Witt: Raising the smoking age to 21 isn’t the best solution
Published 10:34 am Tuesday, December 31, 2019
Apparently, the U.S. Congress introduced legislation to increase the smoking age to 21. This may be due, in part, to the increasing number of episodes of illness — and occasional death — related to vaping (an assumed safer alternative to smoking) and the increasing number of youth who are partaking of the practice at younger and younger ages.
In the first place, this legislation was tacked on to the latest spending proposal which includes a large pot of largesse for Senator Mitch McConnell, who was pushing for the higher legal age for purchasing tobacco products. He also gets $6 billion to support the coal miners’ pension fund and $410 million for a new veterans hospital in Louisville. Of course these projects just happen to come to fruition in the year that the senator is facing reelection.
There are approximately 400 bills languishing in the Senate, which have been passed bi-laterally in the House. But the majority leader has virtually total control over what comes to the floor of the Senate and he apparently sees no urgency in dealing with these 400 other bills when he can make himself look good in the eyes of his constituents by channeling money into state projects.
The question remains: why should legislation raising the minimum age for purchasing tobacco products be buried in legislation dealing with spending?
But back to the issue of increasing the minimum age to purchase tobacco products.
Do our Congressional representatives think raising the legal age to smoke is going to curtail this pernicious habit, or are they catering to the clamor to do something about the rising death toll and debilitating illnesses associated with smoking and vaping and trying to make the American public believe they care about this issue?

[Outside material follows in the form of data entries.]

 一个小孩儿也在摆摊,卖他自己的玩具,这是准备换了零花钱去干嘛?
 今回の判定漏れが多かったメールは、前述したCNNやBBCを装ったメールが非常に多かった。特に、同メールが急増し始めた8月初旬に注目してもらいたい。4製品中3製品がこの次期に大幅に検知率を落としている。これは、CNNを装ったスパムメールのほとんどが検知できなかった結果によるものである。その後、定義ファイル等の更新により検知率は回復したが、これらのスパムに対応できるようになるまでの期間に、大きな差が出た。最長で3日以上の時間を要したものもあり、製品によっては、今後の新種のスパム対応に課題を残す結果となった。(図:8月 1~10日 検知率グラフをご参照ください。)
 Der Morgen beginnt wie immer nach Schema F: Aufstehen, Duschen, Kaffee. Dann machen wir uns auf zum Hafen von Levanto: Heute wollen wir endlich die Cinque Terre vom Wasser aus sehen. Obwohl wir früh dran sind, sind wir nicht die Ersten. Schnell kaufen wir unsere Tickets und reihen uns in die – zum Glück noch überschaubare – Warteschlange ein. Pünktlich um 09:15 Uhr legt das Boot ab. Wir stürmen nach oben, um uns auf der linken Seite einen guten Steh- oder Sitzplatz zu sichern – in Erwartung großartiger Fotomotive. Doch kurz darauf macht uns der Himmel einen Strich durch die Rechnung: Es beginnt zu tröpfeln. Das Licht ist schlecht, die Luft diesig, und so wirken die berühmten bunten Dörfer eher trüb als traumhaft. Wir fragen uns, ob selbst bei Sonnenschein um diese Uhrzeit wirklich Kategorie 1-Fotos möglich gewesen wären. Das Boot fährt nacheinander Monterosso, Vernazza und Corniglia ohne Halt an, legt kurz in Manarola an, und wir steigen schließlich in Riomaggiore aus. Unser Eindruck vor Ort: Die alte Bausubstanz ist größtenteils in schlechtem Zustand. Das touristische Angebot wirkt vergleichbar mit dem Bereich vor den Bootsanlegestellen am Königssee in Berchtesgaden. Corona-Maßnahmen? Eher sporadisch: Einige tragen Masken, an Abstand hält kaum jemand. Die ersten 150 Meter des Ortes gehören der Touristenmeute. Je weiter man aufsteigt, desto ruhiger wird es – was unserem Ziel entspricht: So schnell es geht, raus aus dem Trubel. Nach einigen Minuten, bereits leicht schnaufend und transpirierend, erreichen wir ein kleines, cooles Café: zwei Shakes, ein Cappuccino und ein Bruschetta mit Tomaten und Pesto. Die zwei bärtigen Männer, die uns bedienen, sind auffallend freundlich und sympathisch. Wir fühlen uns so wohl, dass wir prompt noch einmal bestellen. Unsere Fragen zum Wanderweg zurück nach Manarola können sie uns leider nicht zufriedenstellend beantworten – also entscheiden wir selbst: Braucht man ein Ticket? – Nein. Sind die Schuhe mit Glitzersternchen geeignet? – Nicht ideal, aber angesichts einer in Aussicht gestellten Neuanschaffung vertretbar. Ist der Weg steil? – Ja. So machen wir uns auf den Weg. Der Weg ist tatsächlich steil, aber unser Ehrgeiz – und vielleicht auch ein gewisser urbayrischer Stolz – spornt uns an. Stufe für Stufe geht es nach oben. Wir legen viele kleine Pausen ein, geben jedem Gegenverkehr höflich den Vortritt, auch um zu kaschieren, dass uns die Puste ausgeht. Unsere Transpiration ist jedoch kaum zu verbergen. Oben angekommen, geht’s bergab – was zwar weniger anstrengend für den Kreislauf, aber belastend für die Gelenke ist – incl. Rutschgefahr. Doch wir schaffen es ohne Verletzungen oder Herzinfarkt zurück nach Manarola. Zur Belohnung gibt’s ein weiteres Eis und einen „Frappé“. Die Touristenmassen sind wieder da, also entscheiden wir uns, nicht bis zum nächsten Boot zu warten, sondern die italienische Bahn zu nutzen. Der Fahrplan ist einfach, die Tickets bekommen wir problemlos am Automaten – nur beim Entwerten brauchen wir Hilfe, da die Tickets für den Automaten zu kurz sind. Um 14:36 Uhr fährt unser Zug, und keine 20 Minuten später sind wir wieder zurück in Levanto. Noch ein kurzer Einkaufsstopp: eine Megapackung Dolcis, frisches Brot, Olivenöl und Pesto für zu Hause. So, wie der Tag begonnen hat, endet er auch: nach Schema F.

Maybe raising the age limit would mitigate the problem. Only time will tell. With the current age limit set at 18, it has done little to stop smoking amongst the younger generation which seems able to acquire cigarettes easily enough.
Earlier legislation requiring cigarette manufacturers to post warnings on each pack of cigarettes also did little to reduce the problem. And the absolutely ludicrous price of cigarettes these days, mostly fueled by higher state taxes doesn’t seem to be having much effect either.

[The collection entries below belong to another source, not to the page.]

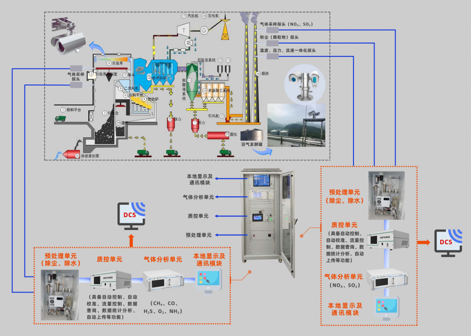 随着城市化进程加速,生活垃圾产生量激增,焚烧发电已成为主流处理方式。然而,垃圾堆放、焚烧和烟气排放过程都会产生各种有毒有害气体,对生态环境和人员安 全构成严重威胁。其中垃圾堆放储料坑和渗滤液处理设施中CH4、CO、H2S等可燃和有毒有害气体极易集聚;焚烧过程中焚烧炉出口烟气中O2(控制在6%~10%之间)、CO含量影响燃烧效率;烟气排放SO2、NOX和颗粒物等污染物造成显著环境危害;垃圾沼气发酵罐中沼气的泄漏给生产安 全带来巨大威胁。 随着环保超低排放和企业降本增效的要求,精准监测垃圾焚烧各环节的可燃、有毒有害气体和污染物已成刚性需求。建设一套精准、可靠的垃圾焚烧全场景气体在线监测系统,是保障生产安 全、履行环保责任的必然选择。
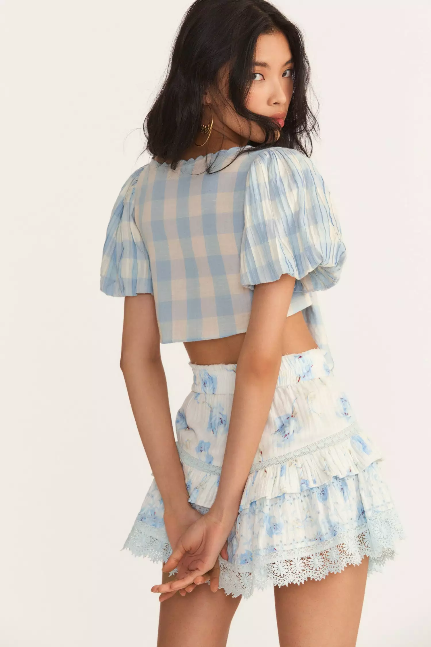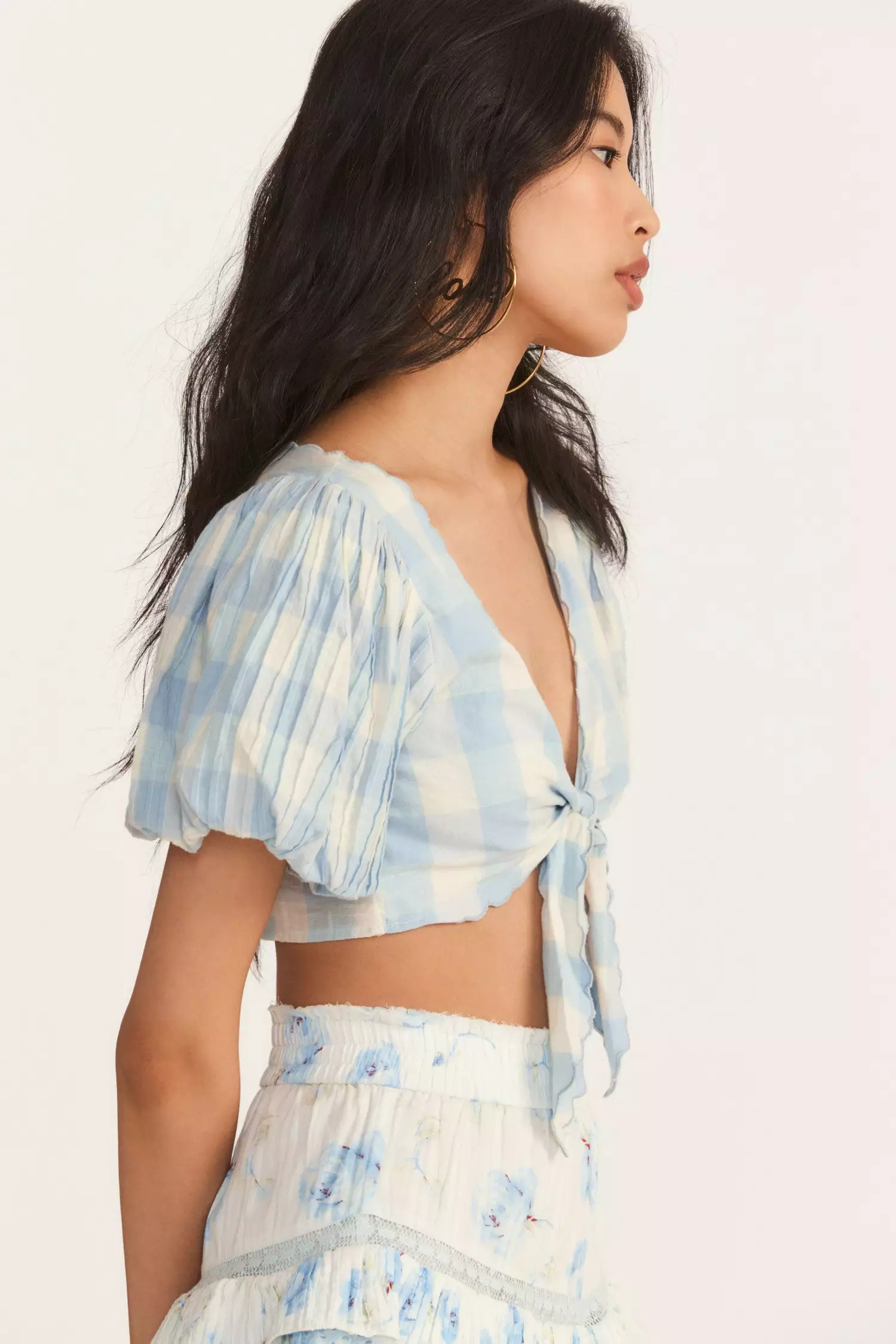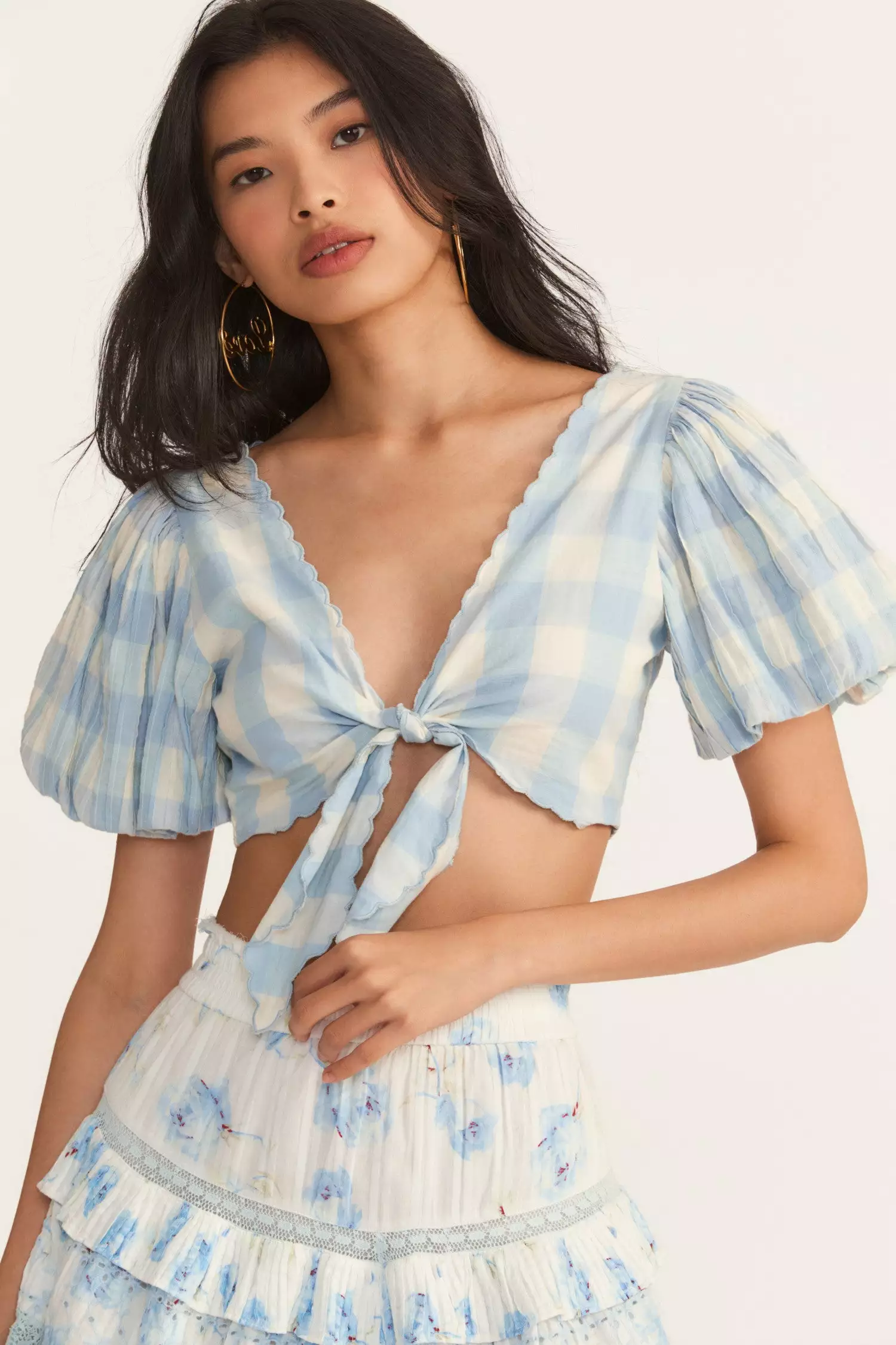 Heating up for our Hanover Crop Top in 100% cotton with our picnicesque Lido Check print. This fun crop features scalloping at the hem and neck, a functional tie at front, airy exaggerated sleeves with tucking and elastic opening. This top comes lined at the front and unlined at the back.Β Pair with our Ruffle Mini SkirtΒ or Bellarose Maxi Skirt. Shown here in Blue Patriot.
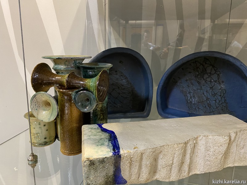 Например, сразу на входе в выставочное пространство посетителя встречает композиция Людмилы Шушкановой. На первый взгляд это несколько сине-зеленых ваз разного размера с нанесенным на них рисунком непонятного характера. Но если выставить вазы в определенном порядке, то зрителю предстанет фигура динозавра. Работа называется «Последний динозавр». От избирательного внимания человека к окружающим объектам и строится его восприятие картины мира.
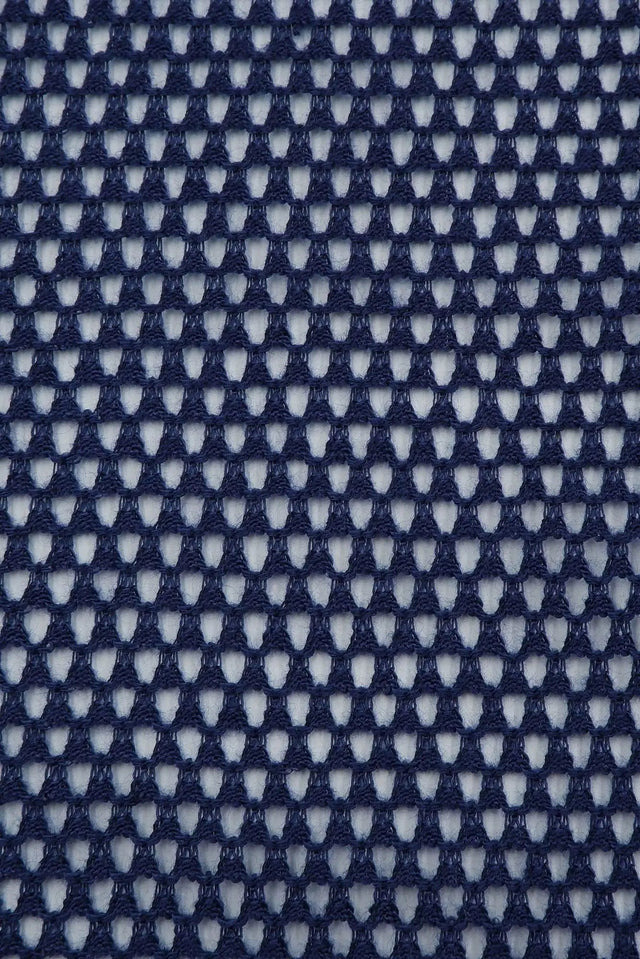 This pointelle mesh solid knit fabric offers a delicate mesh texture combined with pointelle detailing. Made from 95% polyester and 5% spandex, it provides stretch and comfort with a weight of 145 GSM. Perfect for lightweight tops, overlays, and fashion pieces that require breathability and style.
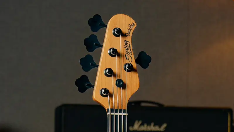 La DarkRay 5 cordes, un modèle StingRay, innove de par sa collaboration avec Darkglass Electronics. Le préampli actif 2 bandes Darkglass personnalisé offre trois modes : Clean (préampli uniquement), Alpha (distorsion) et Omega (fuzz), tous accessibles sans pédalier. Basculez entre ces circuits sans effort grâce à un anneau LED à code couleur et un sélecteur à 3 voies.

The American society — and the American government — needs to make up its collective mind about just when a person has reached an age mature enough to make his or her own decisions.
People can legally wed at age 18. They can legally drive at 18. They can vote at 18 (after the 26th amendment was ratified in 1971), and they can be sent off to die in wars at 18.

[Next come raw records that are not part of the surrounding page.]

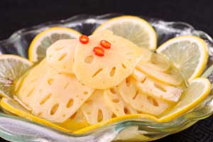 2:將糖、醋、鹽倒入蓮藕中拌入味,擺盤時(shí)可將一些辣椒圈撒在上面裝飾即可。
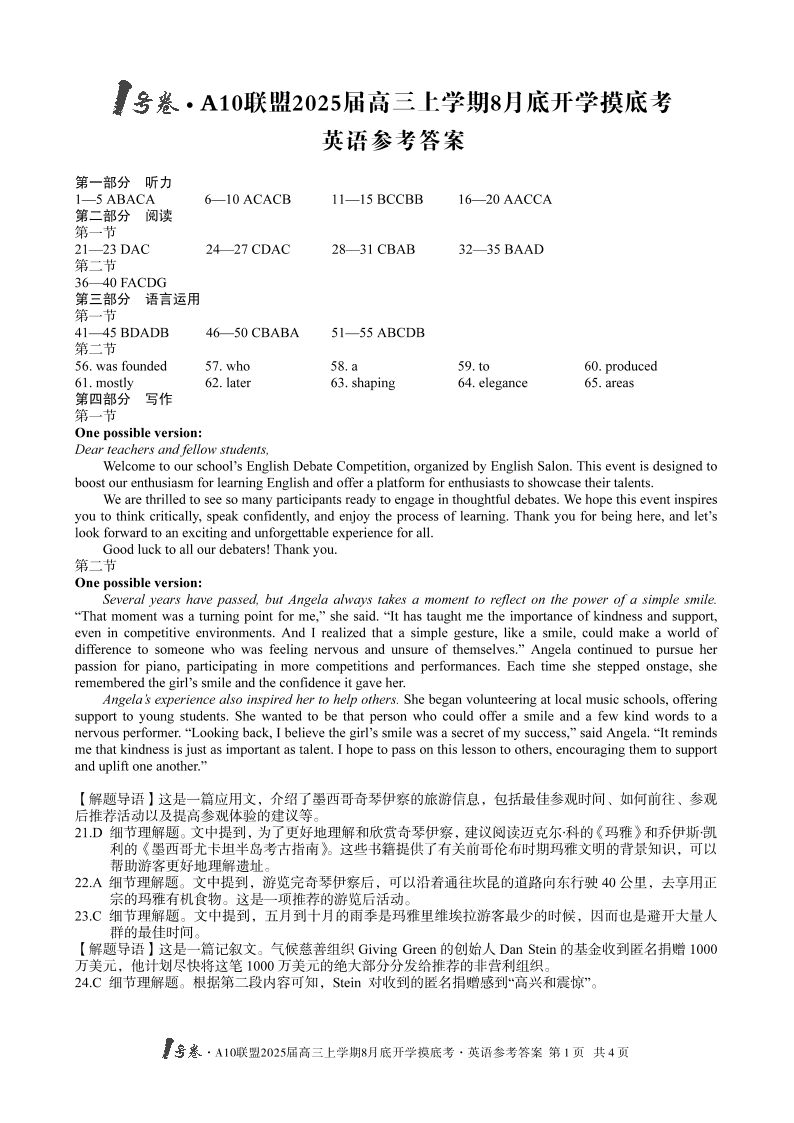 安徽省1号卷A10联盟2025届高三上学期8月开学摸底考试+英语答案
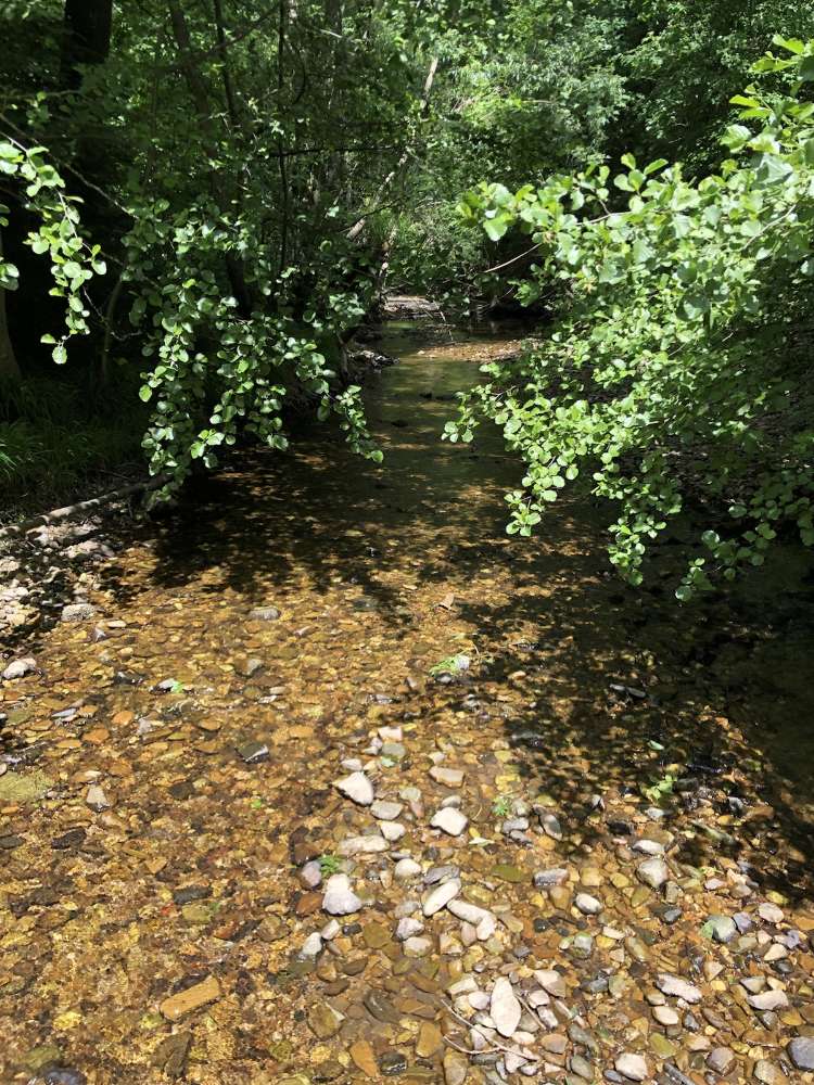 Der Erlenbach ist in diesem Abschnitt direkt in einem kleinen Waldstück gelegen und perfekt für die kleine Abkühlung in den heißen Sommermonaten geeignet und nicht nur bei den Vierbeinern sehr beliebt. Eine Leinenpflicht gilt außer zur Brut- und Setzzeit nicht.

Of course, most states require one to be 21 to purchase alcohol, which creates the irony of expecting someone to die for their country at 18, but not allowed to buy a beer.
At several points in this nation’s history, it was decided the age of 18 was sufficient to label a person as an adult. Adults should be able to make about their lives.
It is time for society and government to quit trying to control every aspect of our lives.
They may make stupid choices — like smoking and vaping. But if the goal is to curtail these practices, then make the products illegal, like in prohibition, but quit nipping around the edges of the problem and pretending a solution has been found.
History tells us how successful that idea was.